In 2012, the Salvation Army of Burlington, Vermont fired case worker Danielle Morantez immediately after discovering she was bisexual. Salvation Army spokesperson Major George Hood stated: “A relationship between same-sex individuals is a personal choice that people have the right to make. But from a church viewpoint, we see that going against the will of God.”
The “Debunking the Myth” webpage makes mention of a 2012 Australian radio interview with Major Andrew Craibe, at the time a media relations director for a Salvation Army branch in Australia, where Craibe had implied that gay people should be put to death. The Salvation Army was quick to denounce Craibe’s statements with a response from Major Bruce Hammer, the Communications and Public Relations Secretary for Australia’ Eastern Territory, stating that:
Salvation Army members do not believe, and would never endorse, a view that homosexual activity
should result in any form of physical punishment…
As well as saying:
The Salvation Army sincerely apologises to all members of the GLBT community and to all our clients, employees, volunteers and those who are part of our faith communities for the offence caused by this miscommunication.

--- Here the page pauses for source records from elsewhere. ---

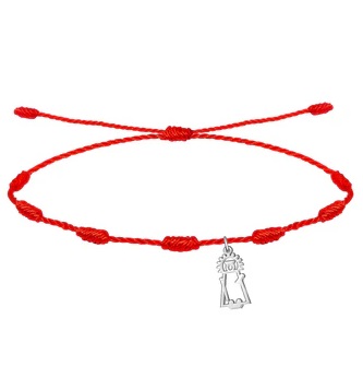 Pulsera 7 nudos roja, con silueta Virgen de los desamparados, Acero Plateado
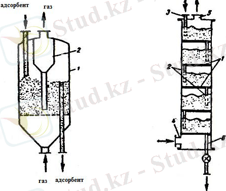 1. 5-суретте көп сатылы жалған сұйылу қабатындағы адсорбердің тәсімі көрсетілген. Колонна /1/ ішіне құйылғы құбыры /3/ бар газ таратқыш торлар /2/ орнатылған . құйылғы құбыр /3/ газ ағынына қақпа рөлін атқарады, яғни газ тек бір тор тесіктерінен өтіп, адсорбентті жалған сұйылдырады. Газды қоспа төменгі келте құбырмен беріліп, жоғарыдан шығарылады.
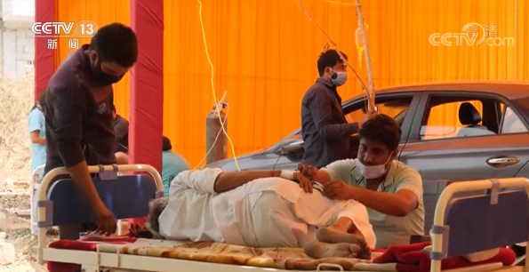 在新德里的隔离中心外,病人只能共用放在车辆里的氧气罐,排队等候治疗。
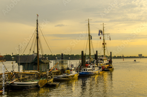 © dietwalther, Fototapeta premium Segelboote bei Sonnenuntergang im Museumshafen Hamburg
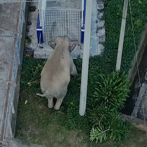 西双版纳亚洲象一家三口串门警营,小象还与警犬互动
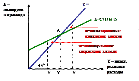 Если фактический объем производства Y1 превышает равновесный Y0, то это приведет к росту нереализованной продукции (товароматериальных запасов), снижению прибыли, сокращению объема производства и занятости. Если фактический выпуск производства Y2 меньше равновесного Y0, то происходит незапланированное сокращение инвестиций в товароматериальные запасы, рост прибыли, увеличение производства и занятости, т.е. достигается равновесие AD=AS.
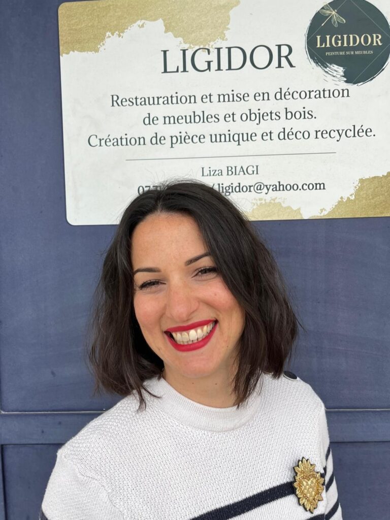 Derrière l’univers de LIGIDOR, il y a moi, Liza Biagi, peintre sur mobilier, artisane d’art passionnée par la beauté du bois et par les histoires que les meubles portent en eux.
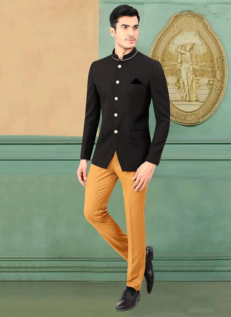 Be the centre of attention in this black color terry rayon bandhgala suit. This suit comes with some designs and crafted with collar neck and full sleeves looks desirable. This suit comes with beige terry rayon pant bottom.
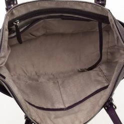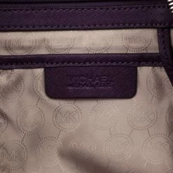 This Michael Kors bag features a flawless purple leather exterior accented with gold-tone hardware. It is adorned with dual buckled leather straps with a hanging MK charm. The interior ois lined with monogram fabric and houses one zip pocket and three patch pockets. It comes with a top zip closure and seam detailing on the exterior.Original Retail Price: US $248

While we appreciate the apology, we’d hardly call implying the death penalty is warranted for homosexuality a “miscommunication”. At this time, we are unable to tell if Major Andrew Craibe is still employed by the Salvation Army. While their response to this assault on LGBT rights was somewhat positive, we should not allow the Salvation Army to pretend that this is their only case of bigotry.

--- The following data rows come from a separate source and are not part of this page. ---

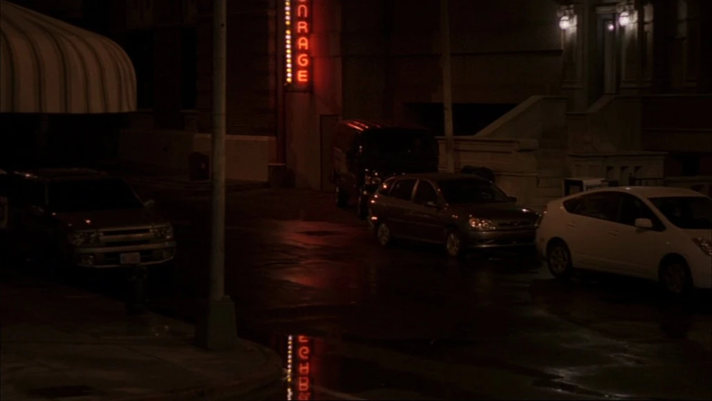 Again the exterior shots of Mark Bishop's apartment are from the New York street section of the Paramount Studios backlot at 5555 Melrose Avenue in Hollywood. The parking garage sign prop was used in Season 2 at the Universal backlot, and is installed here around the corner from the front door where Tom Lennox waits.
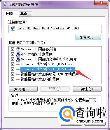 在属性弹出来的窗口里面找到“Internet协议版本4”,双击打开它。
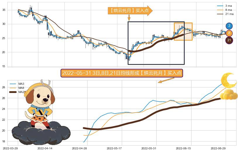 形态多维评估: ⚀ 2022-04-27日-2022-06-29日显现 3日-8日-21日均线 【烘云托月】买入点 看多信号,后市看涨,买入

The page continues on the subject of Andrew Craibe, stating that:
We acknowledge that because of our size and scope, occasionally one of our millions of employees and volunteers might say or do something that does not reflect our values. We address these incidents as soon as they arise.
But this does not address our objections to the Salvation Army. We understand that one or two employees may exist who are homophobic – that is not why we are calling for a boycott. We are calling for a boycott due to their repeated and deliberate organization-wide attempts to discriminate against the LGBT community.
Recently, the Christian Post, which markets themselves as “the largest Christian newspaper in the world”, wrote an article covering our efforts. In the article, author Stoyan Zaimov quotes Parker Vandergriff of Brand Public Relations of The Richards Group, a major advertising agency with other clients such as Chick-Fil-A.
“Our mission is clear: to provide services to those in need without discrimination. The Salvation Army treats everyone with equal love, dignity and respect regardless of who they are”
Which is, of course, demonstrably false when you examine the actions of the Salvation Army.
The article also quotes Major George Hood as saying that:
“The Salvation Army and the gay community are never going to come to an agreement on the topic.”
While this article quotes multiple members of the Salvation Army, and does include transcripts of Rebecca Watson’s recent video on the Salvation Army, the writer of this article did not find it necessary to reach out to us for comment. At this time, while multiple non-journalists have sent us emails with questions and feedback, the Christian Post has yet to contact us.
This Christian Post article was recently picked up by the LGBT blog “Lez Get Real”, in a post where in the author restates the case made by the Christian Post and ends with the following:
One would have to see that recent actions of the Salvation Army have been, by in large, ones of conciliation towards the LGBT community. That begs to ask, what positive things for the LGBT community are being accomplished when we lobby against the red kettle campaign or the Salvation Army in general, especially when they seem to be trying to meet our community at least half way?
The “positive things” being accomplished by lobbying against the Salvation Army are to point out that despite their surface-deep rebranding effort, they are not in fact “trying to meet our community at least half way”. They are trying to find a way to continue to be homophobic and still get donations.
The basic fact that the Salvation Army is not willing to own up to their bigoted past should give anyone pause when they hear that the Salvation Army has changed their ways. Instead of admitting that they have been plainly homophobic and otherwise bigoted, and then laying out how they are going to change that, they have brushed all of this under the rug and claimed that these are myths spread via email and Facebook.
If they are not even willing to own up to their past actions, how can we possibly believe that they feel remorse for this and will act differently in the future?